Objective To develop a nomogram model based on the nucleotide-binding oligomerization domain-like receptor protein 3 (NLRP3)/caspase-1 signaling pathway to predict the value of secondary vascular dementia (VaD) after acute cerebral infarction (ACI) following thrombolytic therapy.

Methods A total of 289 patients with ACI admitted to Yuncheng Central Hospital Affiliated to Shanxi Medical University from March 2021 to March 2024 were selected as study subjects, and were divided into VaD group (n=60) and non-VaD group (n=229) based on the occurrence of VaD. Relevant clinical data were compared between the two groups, and influencing factors for secondary VaD after ACI were analyzed. A nomogram prediction model was constructed and validated.
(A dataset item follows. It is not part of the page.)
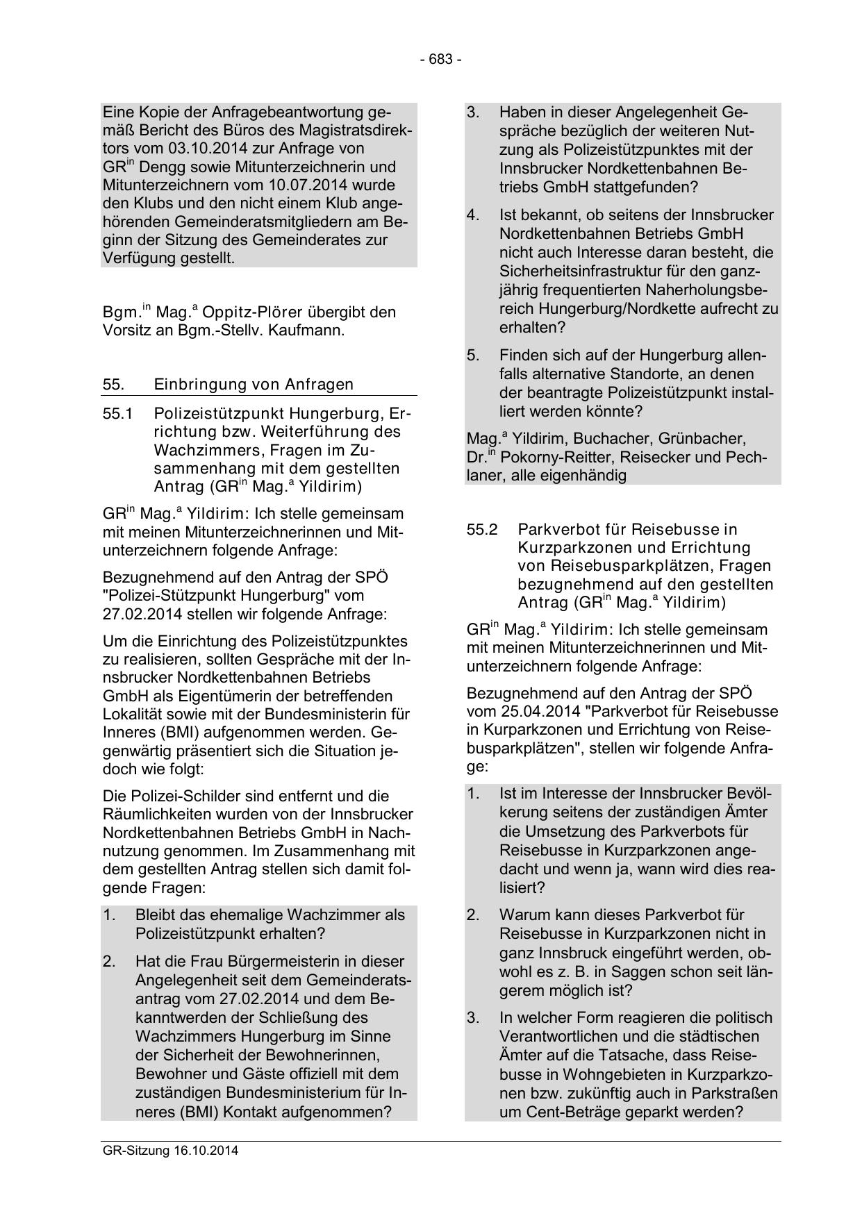 den Klubs und den nicht einem Klub angehörenden Gemeinderatsmitgliedern am Beginn der Sitzung des Gemeinderates zur

Results The proportions of patients with a history of smoking, hypertension and coronary heart disease, infarction in key areas, responsible large vessel stenosis ≥50%, leukoaraiosis, and thrombolysis benefit were higher in the VaD group than in the non-VaD group(P < 0.05). Logistic regression analysis showed that the degree of responsible vessel stenosis, infarctionin key areas, leukoaraiosis, and the expression of NLRP3, apoptosis-associated speck-like protein containing a CARD (ASC), and caspase-1, which are related to the NLRP3/caspase-1 signaling pathway, were independent influencing factors for secondary VaD after ACI (P < 0.05). Receiver operating characteristic (ROC) curve, calibration curve, and decision curve analysis (DCA) indicated that the nomogram model had high discrimination and predictive efficacy, with significant positive net benefit.

Conclusion The independent influencing factors for secondary VaD after ACI include the degree of responsible vessel stenosis, infarction in key areas, leukoaraiosis, and the expression of NLRP3, ASC, and caspase-1 related to the NLRP3/caspase-1 signaling pathway. The nomogram prediction model established based on these indicators has high predictive value and clinical efficacy.